Adopt above-mentioned technical scheme, whether the cable that conveniently is located the dewar inner tube takes place to retract the core off centre and monitors, when the laser that the laser source subassembly on first viewing aperture sent does not block by the cable that is located the dewar inner tube, photoelectric sensing subassembly on the second viewing aperture just can receive laser signal this moment, then the cable that is located the dewar inner tube does not take place to shrink core off centre, when the laser that the laser source subassembly on the first viewing aperture sent is blockked by the cable that is located the dewar inner tube, photoelectric sensing subassembly on the second viewing aperture just can not receive laser signal this moment, then the cable that is located the dewar inner tube takes place to shrink core off centre.

In some embodiments, as shown in fig. 3, the first transparent member in the present application includes a second flange 301, a first glass 302, and a third flange 303, the second flange 301 is disposed on the open side of each of the first viewing port 1011 and the second viewing port 1012, the first glass 302 is disposed between the second flange 301 and the third flange 303, and the third flange 303 is connected to the second flange 301 through bolts.
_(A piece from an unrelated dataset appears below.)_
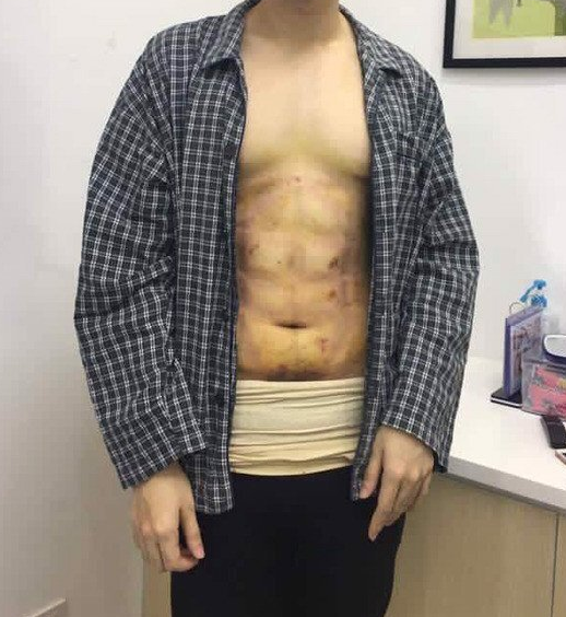 그는 복부 지방을 제거하고 식스팩 모양의 근육을 만들었다. 수술 직후 배에는 식스팩 모양으로 반창고가 붙여져 있다. 아직 근육이 자리잡기 전이라 곳곳에는 수술 흉터와 피멍이 남아있다.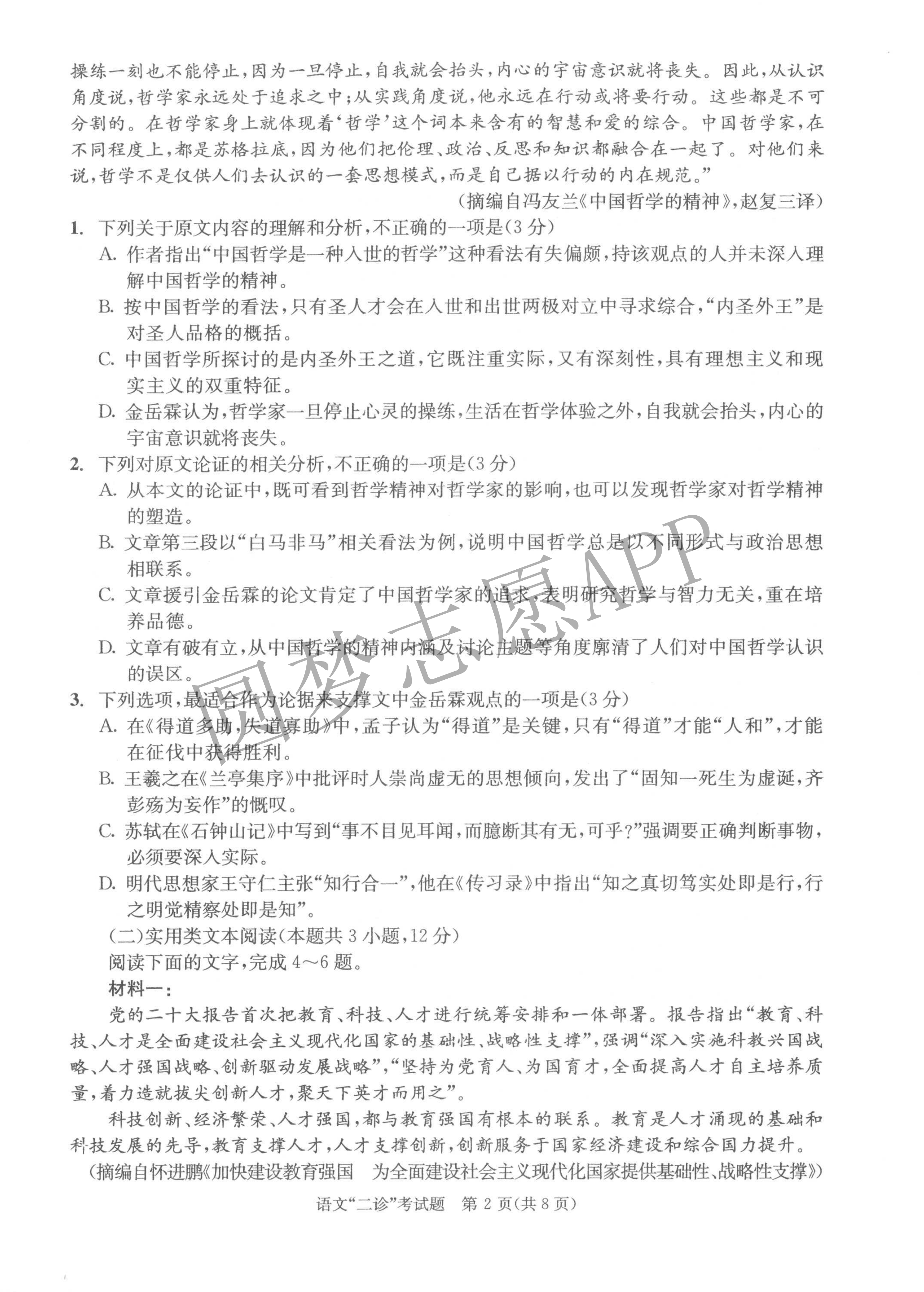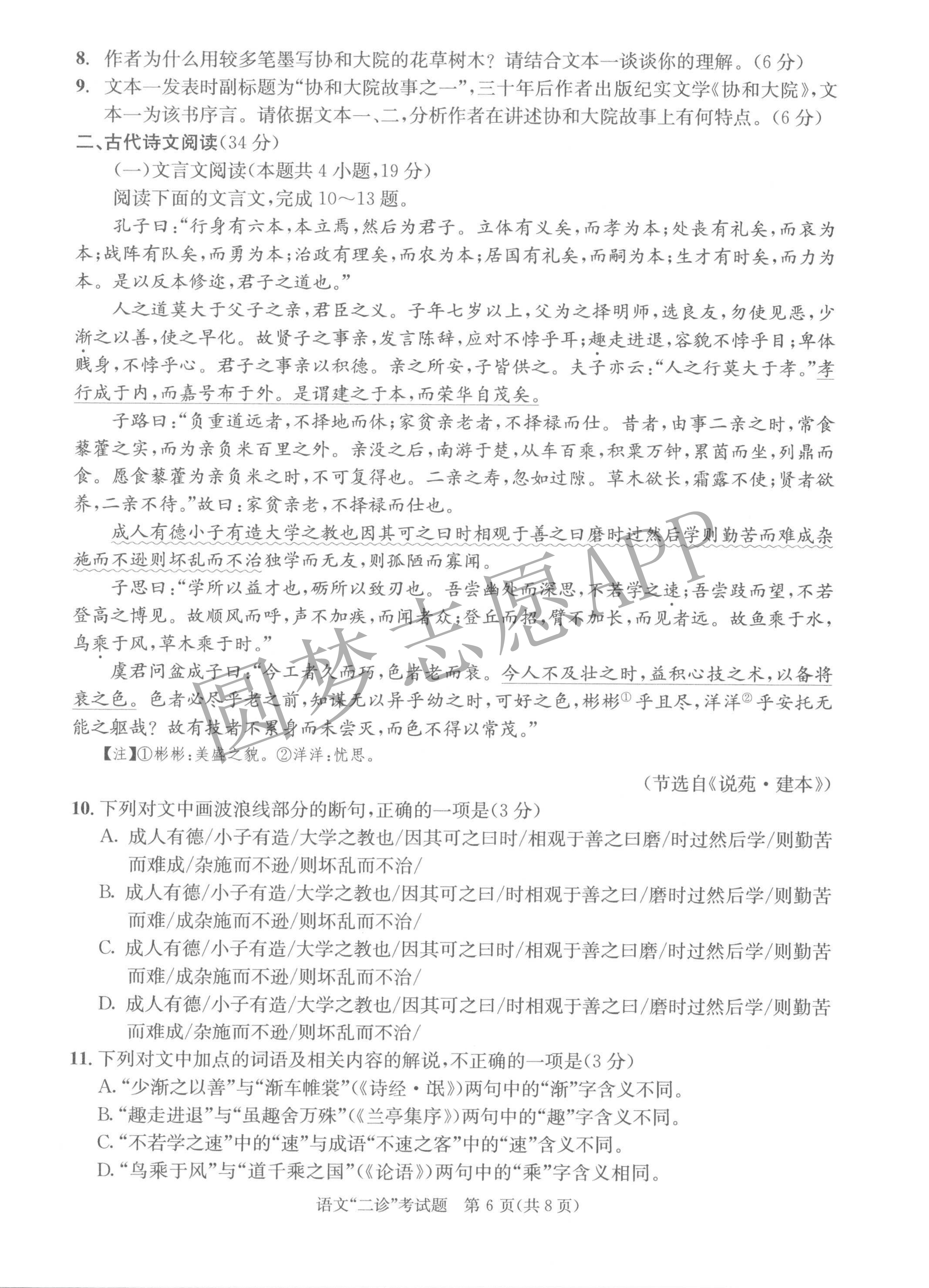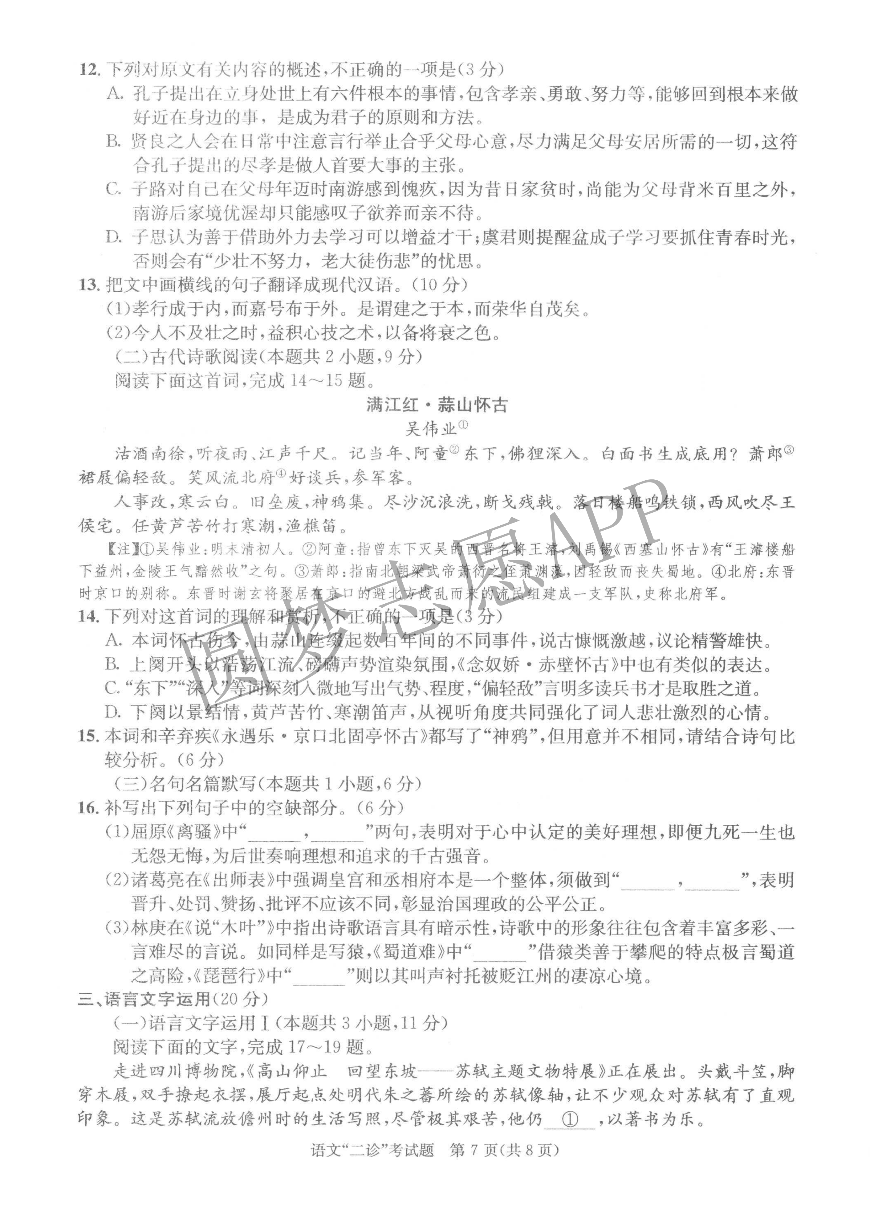 2023成都二诊将于3月20日开考,想必大家都很关心2023成都二诊的语文答案及试卷解析,小编将第一时间为大家奉上最新的答案详情,供考生参考。希望同学们能够通过这份2023成都二诊的语文答案及试卷解析,对自身的出错点进行分析、补充,争取不再丢分。

Further, in order to ensure the tightness between the first glass 302 and the second flange 301, the first transparent assembly in the present application further includes a first sealing ring (not indicated in the figure) disposed between the second flange 301 and the first glass 302.

It should be noted that, the structure that the first sealing ring ensures the tightness between the second flange and the third flange in the embodiment of the present application is only an example, and in other alternative solutions, other structures may also be adopted, for example, a sealing glue is provided between the second flange and the third flange. The present application does not specifically limit the specific structure of how the airtightness between the second flange and the third flange is ensured, as long as the above-described structure can achieve the object of the present application.

In some embodiments, as shown in FIG. 4, the laser source assembly 40 herein includes a laser generator 401 and a first stator 402, wherein the laser generator 401 is fixed to the third flange 303 on the first viewing port 1011 by the first stator 402.

Specifically, as shown in fig. 5, the laser source assembly 40 includes two laser generators 401 and two first fixing plates 402, wherein each laser generator 401 is fixed on the corresponding first fixing plate 402 by bolts, and then the first fixing plate 402 is fixed on the third flange 303 on the first observation port 1011 by bolts, and at this time, the two laser generators 401 are oppositely disposed.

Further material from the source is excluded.